Question

The value of $\sum\limits_{n = 2}^\infty {\ln \left( {1 - \dfrac{1}{{{n^2}}}} \right)} $ equals
A.$ - \ln 3$
B.$0$
C.$ - \ln 2$
D.$ - \ln 5$

Answer 1

Hint: An exponent that is written in a special way is known as a logarithm. Logarithm functions are just opposite or inverse of exponential functions. We can easily express any exponential function in a logarithm form. Similarly, all the logarithm functions can be easily rewritten in exponential form. $\sum\limits_{}^{} {} $ is a mathematical letter whose meaning is ‘the sum of’. In order to solve this equation, we will have to use the properties of sigma expansion as well as of logarithm.

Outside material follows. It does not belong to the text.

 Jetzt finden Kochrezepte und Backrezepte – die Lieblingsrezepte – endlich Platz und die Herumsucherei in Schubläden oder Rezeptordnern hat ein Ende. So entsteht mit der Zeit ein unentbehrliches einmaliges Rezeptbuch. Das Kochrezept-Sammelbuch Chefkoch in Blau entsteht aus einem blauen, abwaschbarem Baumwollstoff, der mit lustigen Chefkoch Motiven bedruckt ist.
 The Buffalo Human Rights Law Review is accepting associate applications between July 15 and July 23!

Complete step by step solution:
Given is $\sum\limits_{n = 2}^\infty {\ln \left( {1 - \dfrac{1}{{{n^2}}}} \right)} $
We know that according to sigma expansion and logarithm properties,
$ \Rightarrow \ln \left( {1 - \dfrac{1}{{{n^2}}}} \right) = \ln \left( {n + 1} \right) + \ln \left( {n - 1} \right) - 2\ln n$
We are given that $n = 2$ so,
$
   = \ln \left( {2 + 1} \right) + \ln \left( {2 - 1} \right) - 2\ln 2 \\
   = \ln 3 + \ln 1 - 2\ln 2 + \ln 4 + \ln 2 \\
   = {{\ln 3}} + {{\ln 1}} - \ln 2 - {{\ln 2}} + {{\ln 4}} + {{\ln 2}} - {{\ln 3}} - {{\ln 3}} \\
   = - \ln 2 \\
 $
Therefore, the value of $\sum\limits_{n = 2}^\infty {\ln \left( {1 - \dfrac{1}{{{n^2}}}} \right)} $ is $ - \ln 2$.

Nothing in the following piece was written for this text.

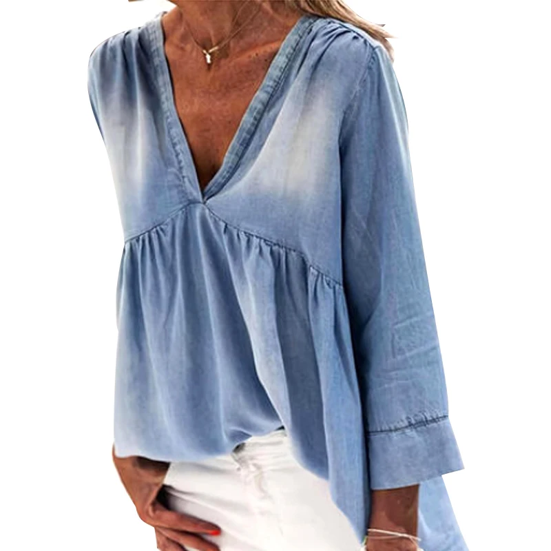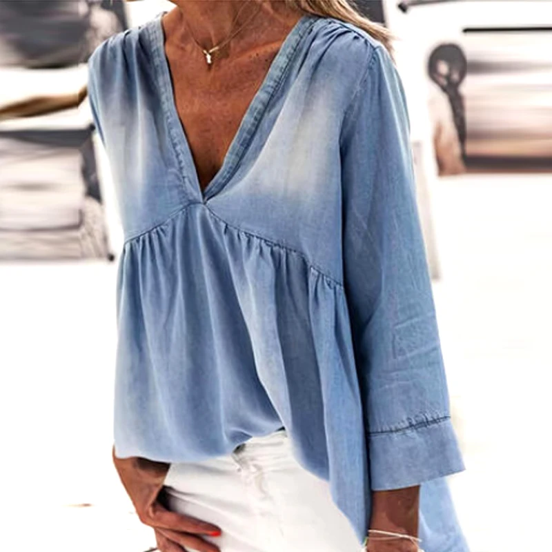 Женский джинсовый топ 2021, летнее синее свободное Повседневное платье в стиле ретро, женская синяя рубашка оверсайз в стиле ретро, Сексуальная футболка с V-образным вырезом для осени
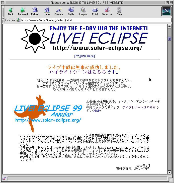 1999 年 2 月、再び Live! Eclipse99 Annularプロジェクトの御手伝いをしました。

Hence, the correct option is (C).

Note:
This problem and similar to these can very easily be solved by making use of different logarithm properties. Students should keep in mind the properties of logarithmic functions. Logarithms are useful when we want to work with large numbers. Logarithm has many uses in real life, such as in electronics, acoustics, earthquake analysis and population prediction. When the base of common logarithm is $10$ then, the base of a natural logarithm is number $e$.